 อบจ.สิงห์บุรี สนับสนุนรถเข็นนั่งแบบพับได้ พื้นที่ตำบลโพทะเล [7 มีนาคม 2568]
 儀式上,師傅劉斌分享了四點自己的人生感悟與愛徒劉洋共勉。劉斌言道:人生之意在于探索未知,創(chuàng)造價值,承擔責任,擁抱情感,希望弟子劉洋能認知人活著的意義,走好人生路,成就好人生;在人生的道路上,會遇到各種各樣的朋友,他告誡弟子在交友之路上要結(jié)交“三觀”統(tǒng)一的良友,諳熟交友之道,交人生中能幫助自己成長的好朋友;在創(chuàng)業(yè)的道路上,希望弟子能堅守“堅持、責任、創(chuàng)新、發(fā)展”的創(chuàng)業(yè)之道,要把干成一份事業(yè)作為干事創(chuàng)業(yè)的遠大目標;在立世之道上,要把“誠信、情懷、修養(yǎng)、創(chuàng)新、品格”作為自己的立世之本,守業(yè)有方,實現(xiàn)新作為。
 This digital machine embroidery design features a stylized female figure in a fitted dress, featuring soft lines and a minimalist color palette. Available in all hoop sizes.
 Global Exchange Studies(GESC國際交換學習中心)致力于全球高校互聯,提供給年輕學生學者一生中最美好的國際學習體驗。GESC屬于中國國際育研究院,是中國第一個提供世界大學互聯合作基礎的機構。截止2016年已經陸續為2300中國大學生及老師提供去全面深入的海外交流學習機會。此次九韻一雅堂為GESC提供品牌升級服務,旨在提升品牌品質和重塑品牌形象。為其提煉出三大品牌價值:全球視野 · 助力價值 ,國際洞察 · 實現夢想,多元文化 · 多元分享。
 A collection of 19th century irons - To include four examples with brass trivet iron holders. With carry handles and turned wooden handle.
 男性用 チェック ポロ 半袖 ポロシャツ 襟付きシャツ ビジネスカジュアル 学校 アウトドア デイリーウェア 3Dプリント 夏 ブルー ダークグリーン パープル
★ ★ ★
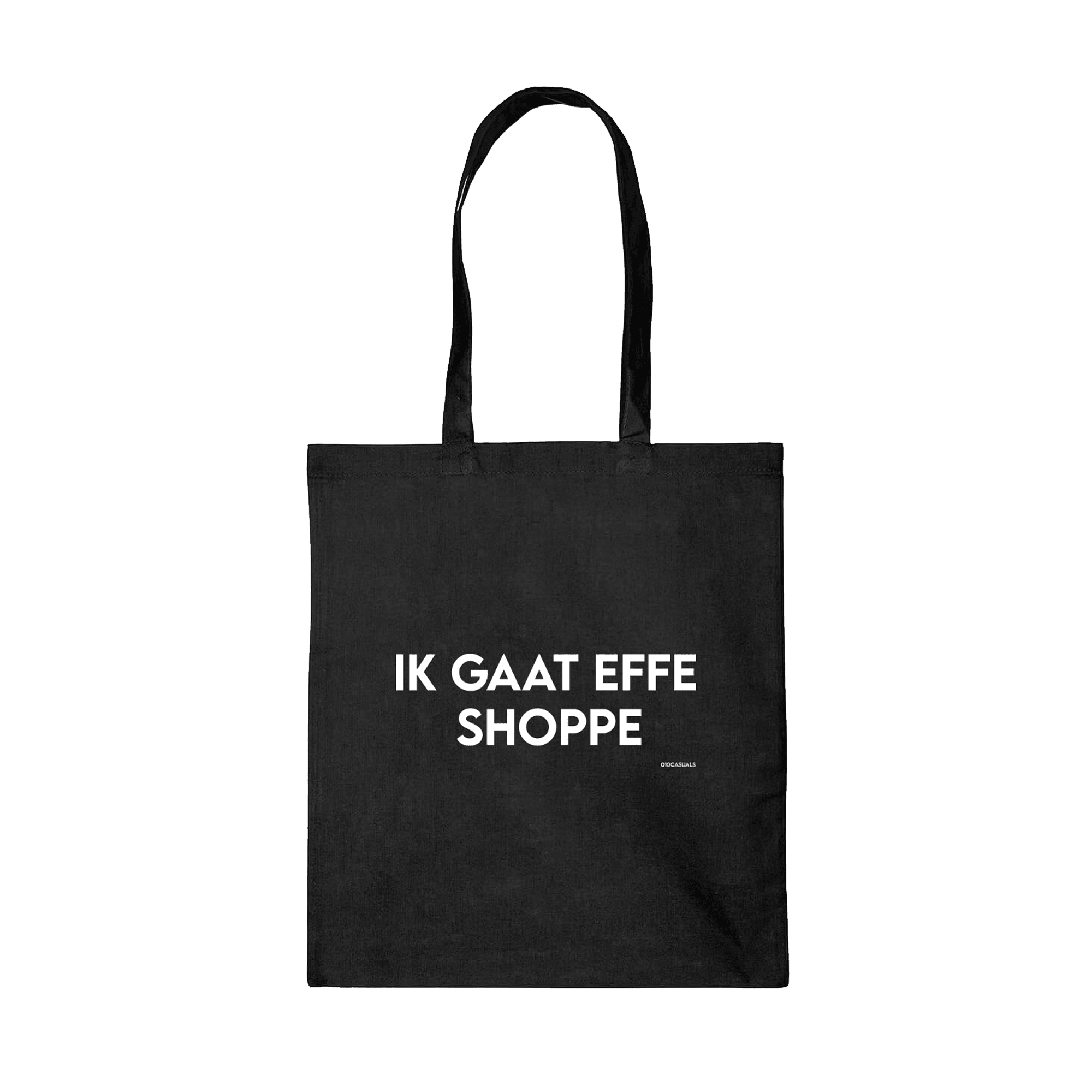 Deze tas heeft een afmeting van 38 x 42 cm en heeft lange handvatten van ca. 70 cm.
★ ★ ★
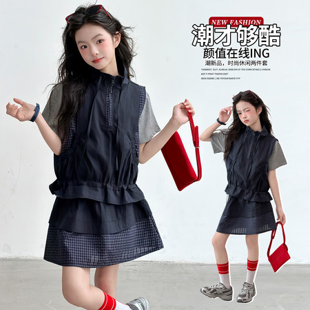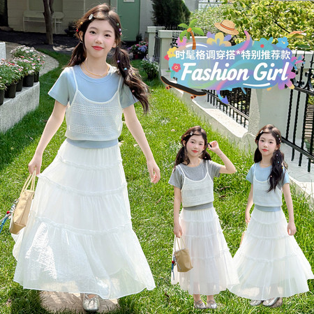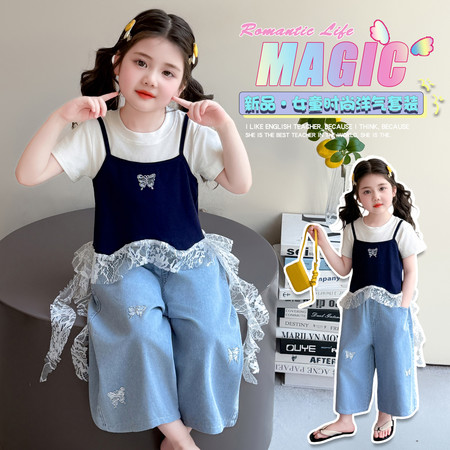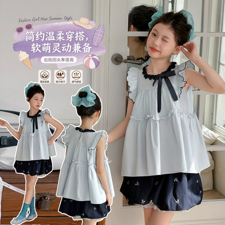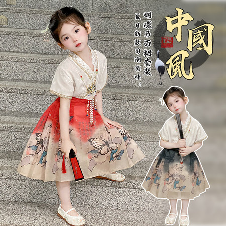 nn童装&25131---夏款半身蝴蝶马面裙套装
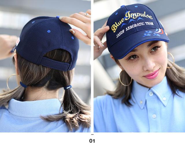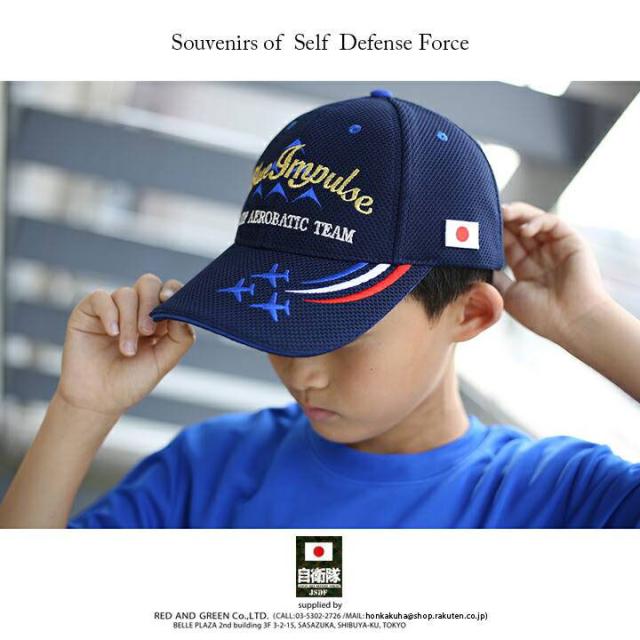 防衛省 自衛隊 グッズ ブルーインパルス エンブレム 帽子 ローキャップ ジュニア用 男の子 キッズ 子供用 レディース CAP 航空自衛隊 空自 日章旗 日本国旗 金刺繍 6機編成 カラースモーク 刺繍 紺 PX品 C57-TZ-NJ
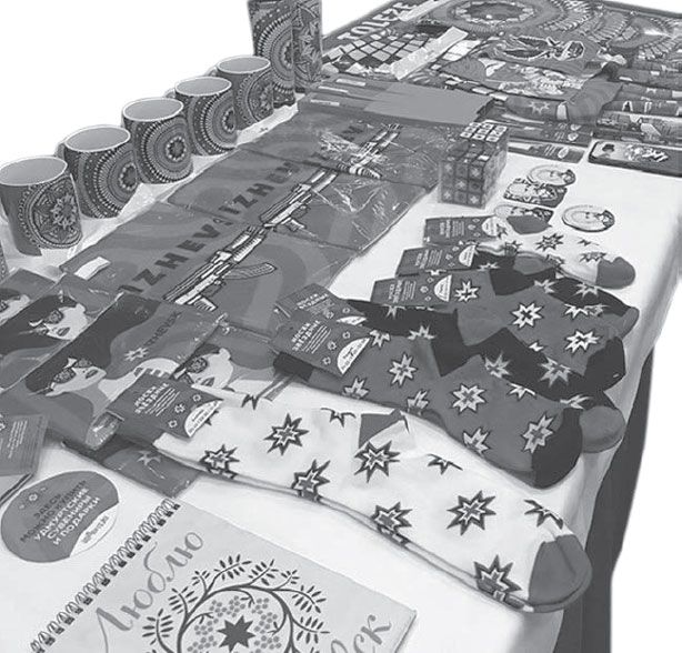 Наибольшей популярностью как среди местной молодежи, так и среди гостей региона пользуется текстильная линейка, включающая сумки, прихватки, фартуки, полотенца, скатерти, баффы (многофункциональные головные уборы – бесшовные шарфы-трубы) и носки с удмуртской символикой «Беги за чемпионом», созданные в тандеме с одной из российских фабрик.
★ ★ ★
_WORK REQUEST_: Using the data above, reproduce exactly the lines from the line that contains "อบจ.สิงห์บุรี สนับสนุนรถเข็นนั่งแบบพับได้ พื้นที่ตำบลโพทะเล" through the line that contains "男性用 チェック ポロ", including both.

_RESULT OF THIS TASK_:
 อบจ.สิงห์บุรี สนับสนุนรถเข็นนั่งแบบพับได้ พื้นที่ตำบลโพทะเล [7 มีนาคม 2568]
 儀式上,師傅劉斌分享了四點自己的人生感悟與愛徒劉洋共勉。劉斌言道:人生之意在于探索未知,創(chuàng)造價值,承擔責任,擁抱情感,希望弟子劉洋能認知人活著的意義,走好人生路,成就好人生;在人生的道路上,會遇到各種各樣的朋友,他告誡弟子在交友之路上要結(jié)交“三觀”統(tǒng)一的良友,諳熟交友之道,交人生中能幫助自己成長的好朋友;在創(chuàng)業(yè)的道路上,希望弟子能堅守“堅持、責任、創(chuàng)新、發(fā)展”的創(chuàng)業(yè)之道,要把干成一份事業(yè)作為干事創(chuàng)業(yè)的遠大目標;在立世之道上,要把“誠信、情懷、修養(yǎng)、創(chuàng)新、品格”作為自己的立世之本,守業(yè)有方,實現(xiàn)新作為。
 This digital machine embroidery design features a stylized female figure in a fitted dress, featuring soft lines and a minimalist color palette. Available in all hoop sizes.
 Global Exchange Studies(GESC國際交換學習中心)致力于全球高校互聯,提供給年輕學生學者一生中最美好的國際學習體驗。GESC屬于中國國際育研究院,是中國第一個提供世界大學互聯合作基礎的機構。截止2016年已經陸續為2300中國大學生及老師提供去全面深入的海外交流學習機會。此次九韻一雅堂為GESC提供品牌升級服務,旨在提升品牌品質和重塑品牌形象。為其提煉出三大品牌價值:全球視野 · 助力價值 ,國際洞察 · 實現夢想,多元文化 · 多元分享。
 A collection of 19th century irons - To include four examples with brass trivet iron holders. With carry handles and turned wooden handle.
 男性用 チェック ポロ 半袖 ポロシャツ 襟付きシャツ ビジネスカジュアル 学校 アウトドア デイリーウェア 3Dプリント 夏 ブルー ダークグリーン パープル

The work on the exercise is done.